**Dataset excerpts**

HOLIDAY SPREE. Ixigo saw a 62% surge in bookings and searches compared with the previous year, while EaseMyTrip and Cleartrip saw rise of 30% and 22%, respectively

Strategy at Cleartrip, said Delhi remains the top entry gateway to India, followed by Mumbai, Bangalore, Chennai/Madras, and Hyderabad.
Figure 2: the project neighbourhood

...

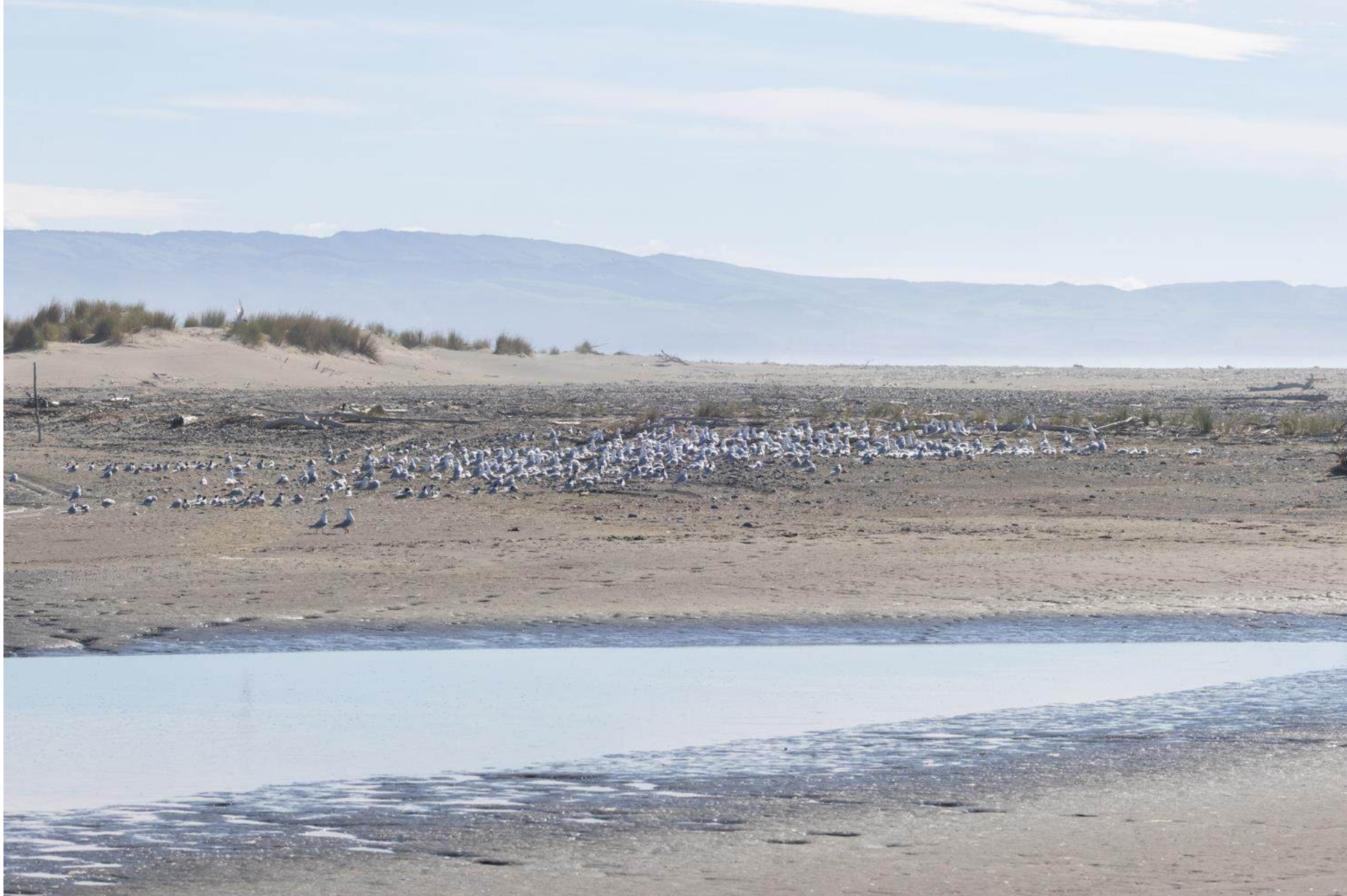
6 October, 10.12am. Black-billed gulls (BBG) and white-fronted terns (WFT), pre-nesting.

**Assignment**
In the lines above, spot each one that contains the word "Cleartrip" and copy it.

**Task solution**
HOLIDAY SPREE. Ixigo saw a 62% surge in bookings and searches compared with the previous year, while EaseMyTrip and Cleartrip saw rise of 30% and 22%, respectively
Strategy at Cleartrip, said Delhi remains the top entry gateway to India, followed by Mumbai, Bangalore, Chennai/Madras, and Hyderabad.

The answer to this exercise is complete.